Now, moving ahead again to the Proto Indo European migrants, various groups settles in various parts of Europe. If you study the civilizations to the east of the Rhine, you see lots of commonalities in linguistics, religious figures and concepts, and cultural artifacts from the pre-Christian era. Europe was tremendously fertile, which is why it became the seat of semi global empires! Technological progress was comparatively rapid for them and as each civilization became more advance and more distinct from each other, these gods took on the flavors of the local culture. They became almost divorced from the ideas of their long lost ancestors' wind and river gods (though nature spirits of various sorts did still play a central role in their daily religious practices, in most cases more so than the gods did!).
So, you see, you're doing it backwards. The gods of pre-Christian Europe did not start out as people at all. They started out as a recognition of divinity in the natural world.
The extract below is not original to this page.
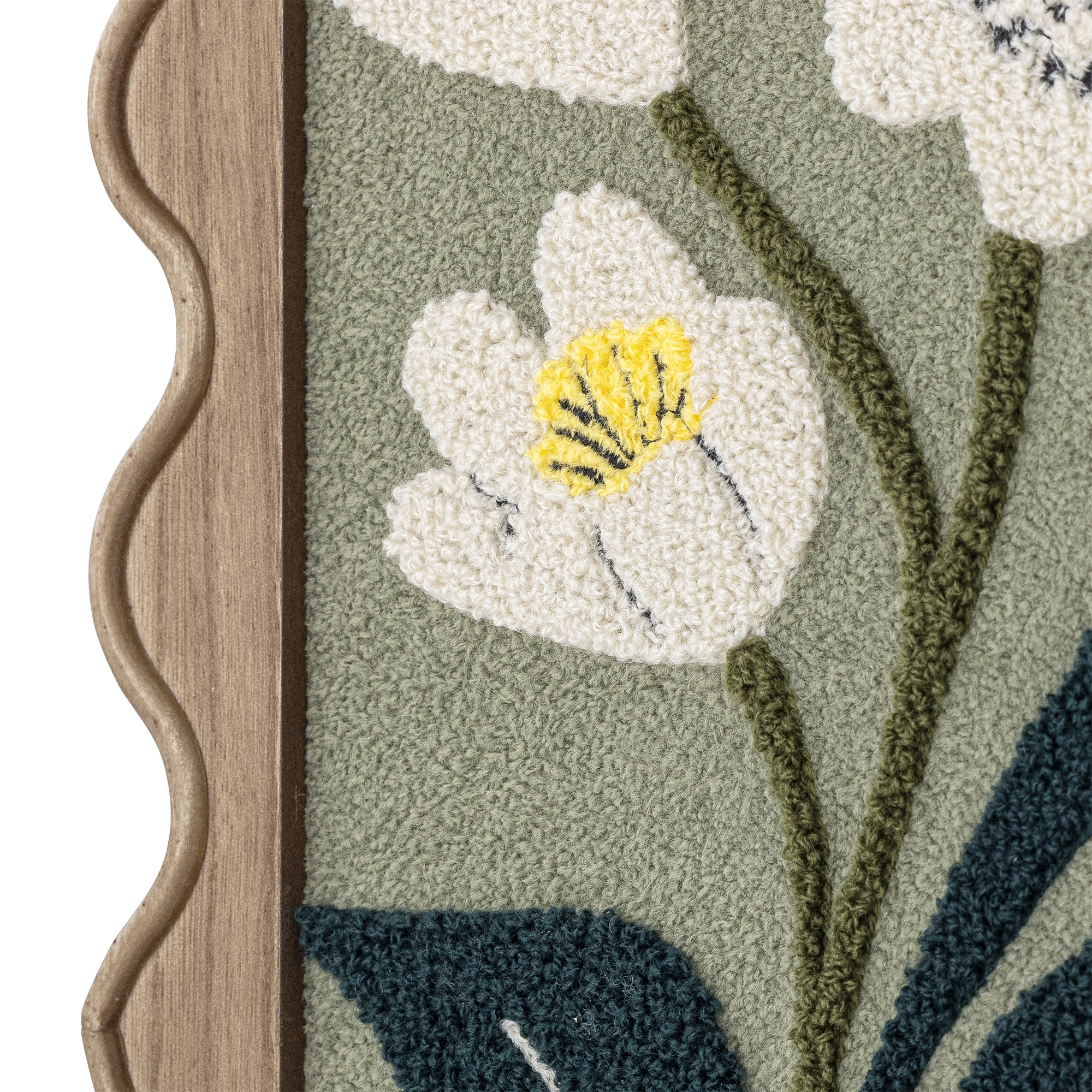 Creative Collection Talan wanddecoratie met geborduurd bloemmotief in stof en golvende lijst in lichte houttint. Lees meer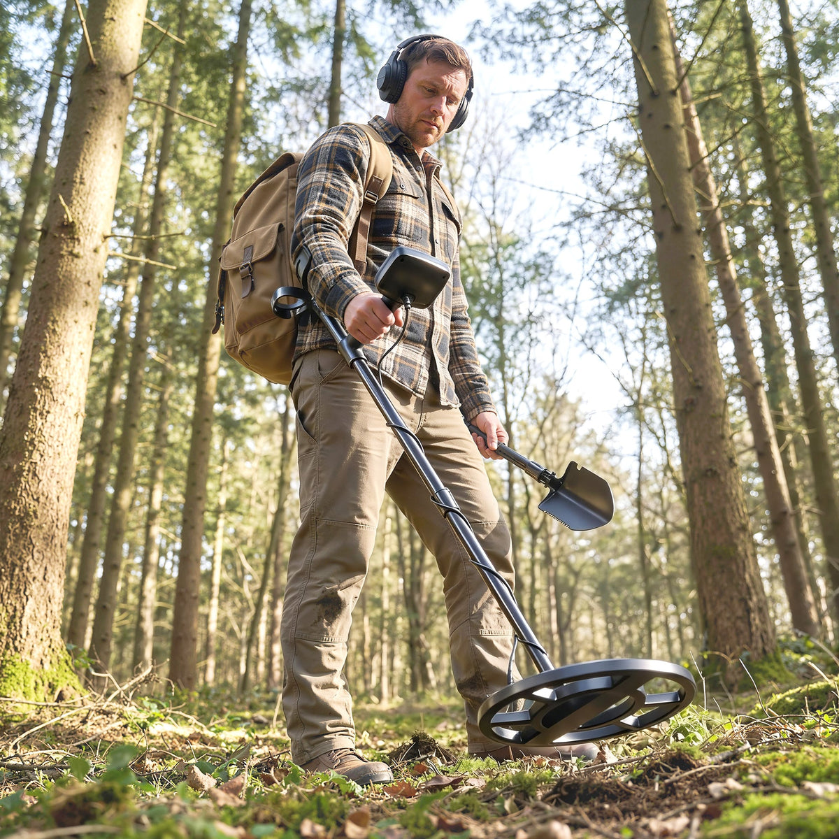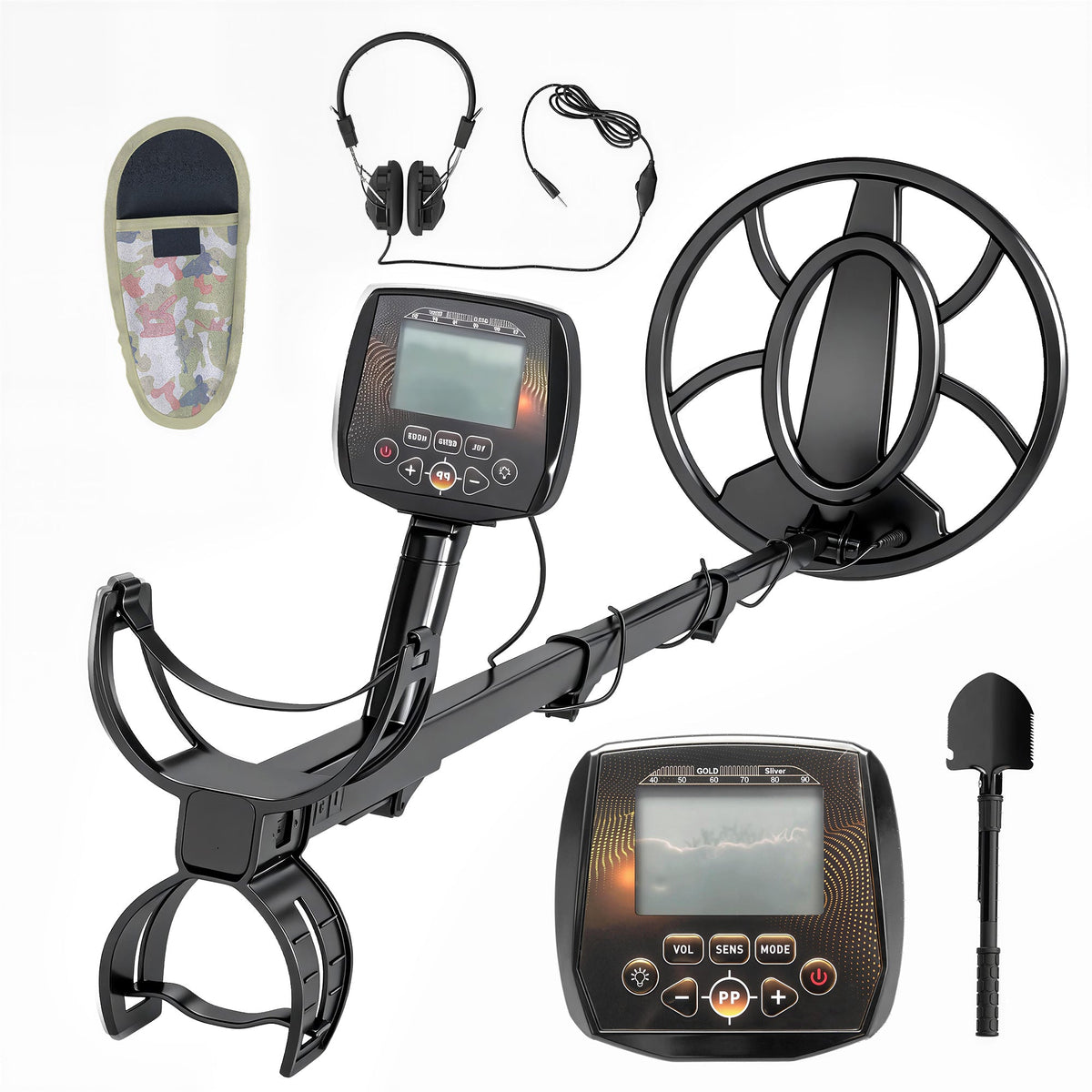 Outsunny Metal Detector for Adults, IP68 Waterproof Search Coil with LCD Display, 5 Modes Gold Detector with Carry Bag, Shovel - Black

European Paganism in general does not see the spritual as distinct from the natural the way Abrahamic religions do.
Whether you think this is how the gods revealed themselves, or maybe the ancients just didn't understand the complex world they found themselves in is up to you to decide. (I obviously hold to the former) But by all means, actually take the time to learn about this from academic sources. Pagan revivalism ill needs another perversion of its already devastated folkways with silly conspiracy theories that divorce the topic from its natural roots. We've already got /pol/tards glomming onto Germanic paganism for nativist reasons, and lazy new age teenagers practicing bastardized forms of celtic religions they cherry picked to pieces trying to appropriate Germanic tropes. Have a little respect.